+++ Extracted information
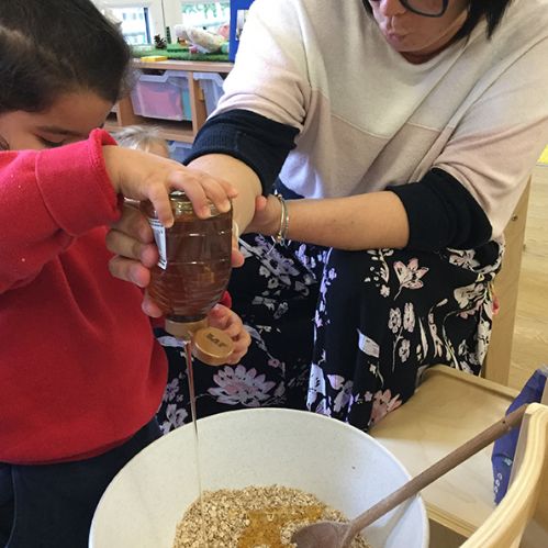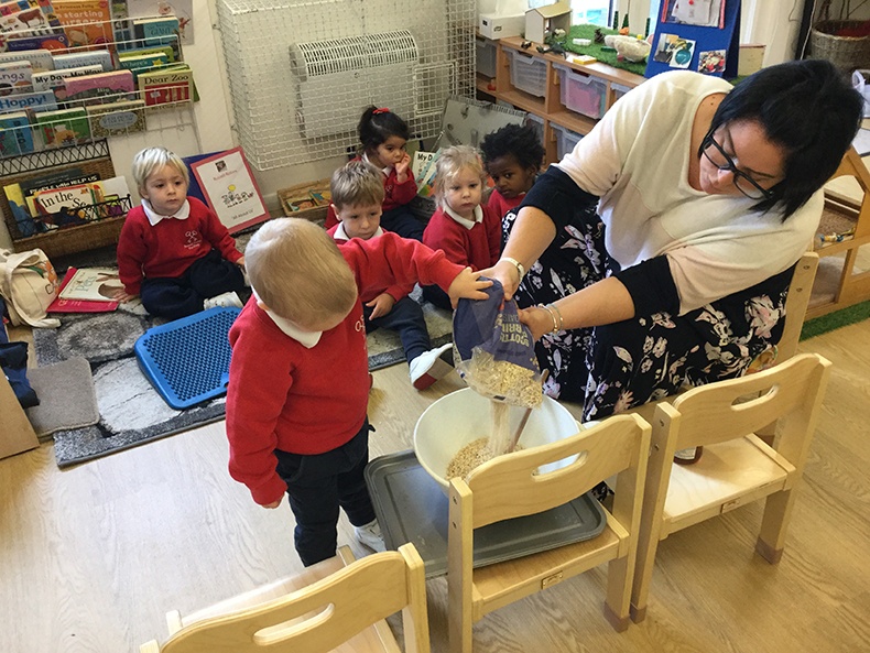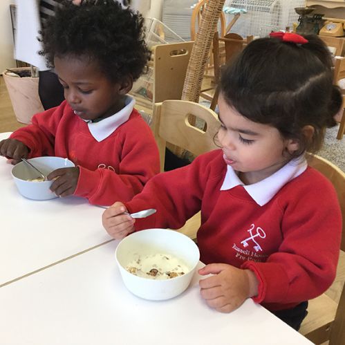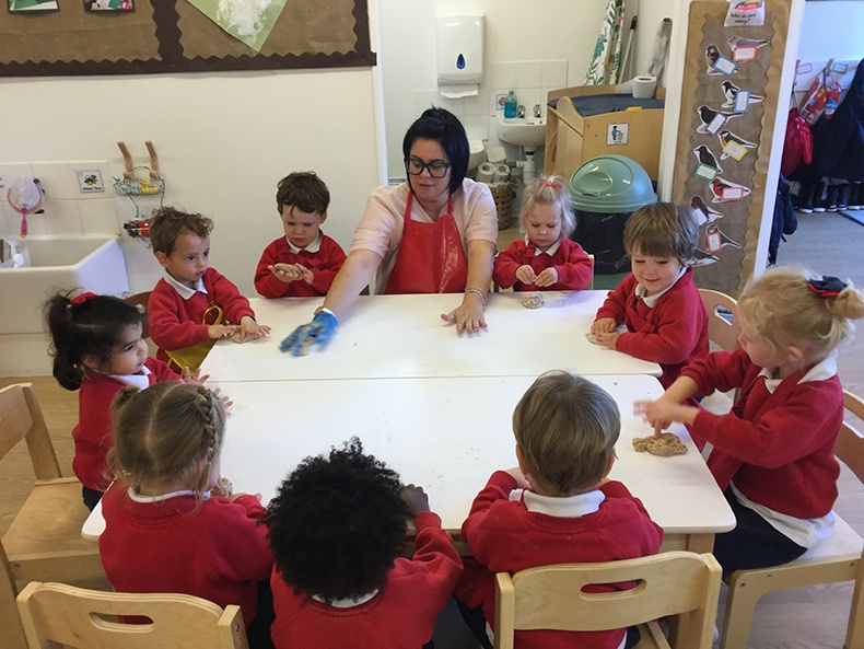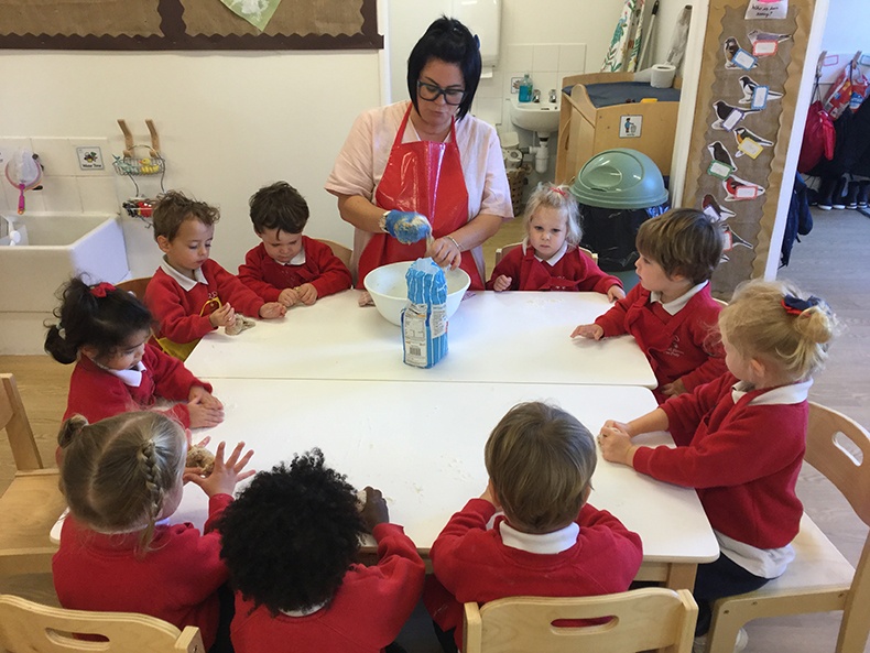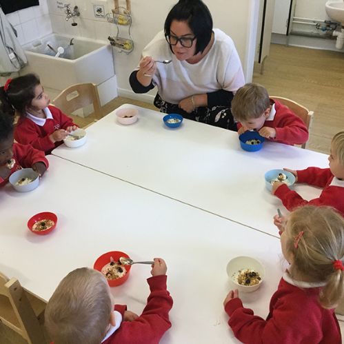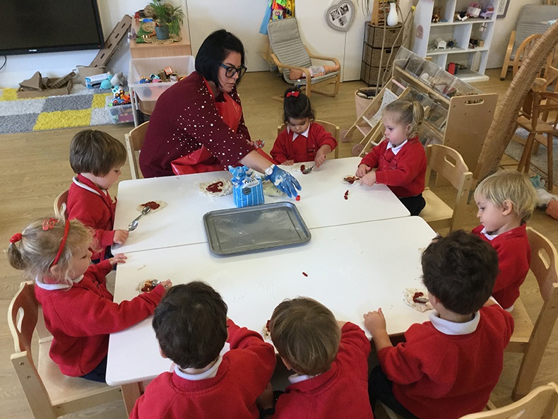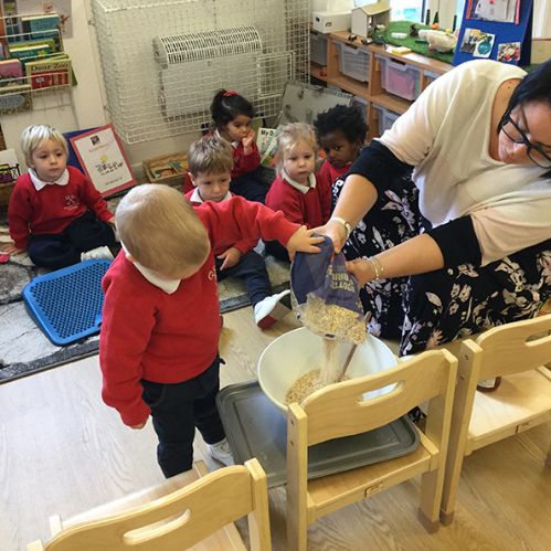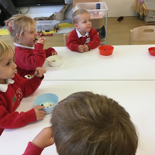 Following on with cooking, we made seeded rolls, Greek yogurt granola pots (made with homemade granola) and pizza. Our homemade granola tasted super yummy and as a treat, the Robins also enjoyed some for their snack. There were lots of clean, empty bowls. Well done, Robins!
++++++
+++ Extracted information
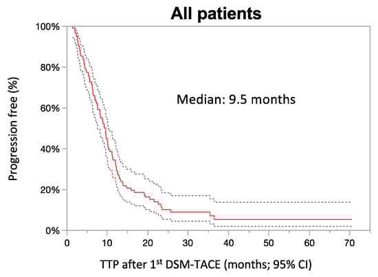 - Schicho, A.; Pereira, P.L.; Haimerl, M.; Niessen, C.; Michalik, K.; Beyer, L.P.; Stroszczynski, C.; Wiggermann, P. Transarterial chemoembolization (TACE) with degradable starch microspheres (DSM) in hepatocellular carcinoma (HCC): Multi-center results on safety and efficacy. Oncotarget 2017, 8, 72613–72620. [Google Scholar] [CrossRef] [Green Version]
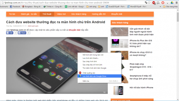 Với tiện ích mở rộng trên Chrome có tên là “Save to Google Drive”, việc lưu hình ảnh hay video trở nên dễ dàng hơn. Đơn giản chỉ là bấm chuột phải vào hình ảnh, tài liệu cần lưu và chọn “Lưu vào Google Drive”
++++++
» What you are asked to do
Repeat, word for word, the lines of the material above from the one holding "- Schicho, A.;" through the one holding "Với tiện ích". Leave out pictures.

» Solution for this task
 - Schicho, A.; Pereira, P.L.; Haimerl, M.; Niessen, C.; Michalik, K.; Beyer, L.P.; Stroszczynski, C.; Wiggermann, P. Transarterial chemoembolization (TACE) with degradable starch microspheres (DSM) in hepatocellular carcinoma (HCC): Multi-center results on safety and efficacy. Oncotarget 2017, 8, 72613–72620. [Google Scholar] [CrossRef] [Green Version]
 Với tiện ích mở rộng trên Chrome có tên là “Save to Google Drive”, việc lưu hình ảnh hay video trở nên dễ dàng hơn. Đơn giản chỉ là bấm chuột phải vào hình ảnh, tài liệu cần lưu và chọn “Lưu vào Google Drive”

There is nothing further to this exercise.